The Life of Julia

…because anyone can write bad political science fiction.

Age 3

Under President Romney: there’s no money for Head Start programs, because of the austerity program put in place after the economy collapses .  Julia stays at home, safe from roving Occupy gangs, and works with a government-sponsored free Head Start computer curriculum. Her unemployed mother stays home and teaches her when not gleaning corn fields and picking edible weeds, while her dad works at any job he can get.

Under President Obama: Julia is forcibly enrolled in a Head Start program to help get her ready for school. She’s a little moody; her teacher showed her how to play Lick The Banana, but he’s protected by the union, and she’s still in his class .  She was beaten by a flash mob that invaded the school playground, but thanks to Obamacare, her eye was saved.  Her partially-subsidized lunch only costs her mom $10,000,000.

Age 17

Under President Rand Paul: After the civil war and following constitutional convention, things are better than they’ve ever been in Julia’s lifetime, and she has sworn that she will never again let politicians run her life. She’s working summers to pay for training in computer repair. She’s engaged to a nice guy, Dan. They still can get birth control easily and inexpensively, but they haven’t done anything to require it.

Under President-for-life Obama: Julia is being sent to college for  computer engineering, because the Career Planning Center has decided that is the field that will be needed. Unfortunately, a planner dropped a zero in her calculations. Julia’s boyfriend got her pregnant and was relocated, and Obamacare mandated an abortion.

Age 29

Under President DeCoster: Julia and Dan got married. They have a computer design  start-up and have several patents between them.  Their oldest daughter, Julia Jr., just started at a modest private school (there are no more public schools), and Julia tutors the younger children.

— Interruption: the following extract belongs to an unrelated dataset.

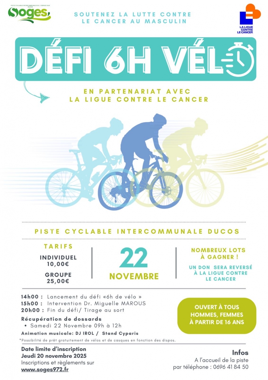 Ensemble contre le cancer au masculin ! La SOGES organise, en partenariat avec la Ligue contre le cancer, un grand défi sportif et solidaire : 6 heures de vélo sur la piste cyclable intercommunale de Ducos

Under Supreme Leader Sasha Obama: There are too many computer engineering graduates, and all private computer firms have left the country, so Julia is waiting for a government job. She’s thought about leaving the country, but all the borders have been secured. She’s on a watch list because she got mad at her benefits administrator and said “Jesus!”, which was just something her mom used to say…an old Spanish name or something.

Age 65

Under President Spooner Wolfe: Julia and Dan are still working; it would be boring to retire before you hit triple digits. They aren’t particularly well off, not like many people, but they’ve saved, and even though interest rates aren’t high, the competing free-market currencies have been so stable in value that they could retire now, if they wanted, in spite of the health crisis Julia had several years ago (due to environmental stresses from her childhood.) They’re expecting their first great-grandchild.

Under Emperor Sharpton III: It’s Julia’s Reincarnation Day at Holdren Clinic. The drugs they use (she has been told by The 99%, the council that administers Reincarnation Day) flood your body with the ultimate orgasmic pleasure. She regrets that she had no children; population has been thin, and maybe they could have solved the Social Security crisis some other way. But she’s thankful for her African ancestry; after the coup attempt by the detestable Rahm II, all white people were either killed or sold as slaves to China. They start the IV; Julia feels the most intense pain of her life, then nothing.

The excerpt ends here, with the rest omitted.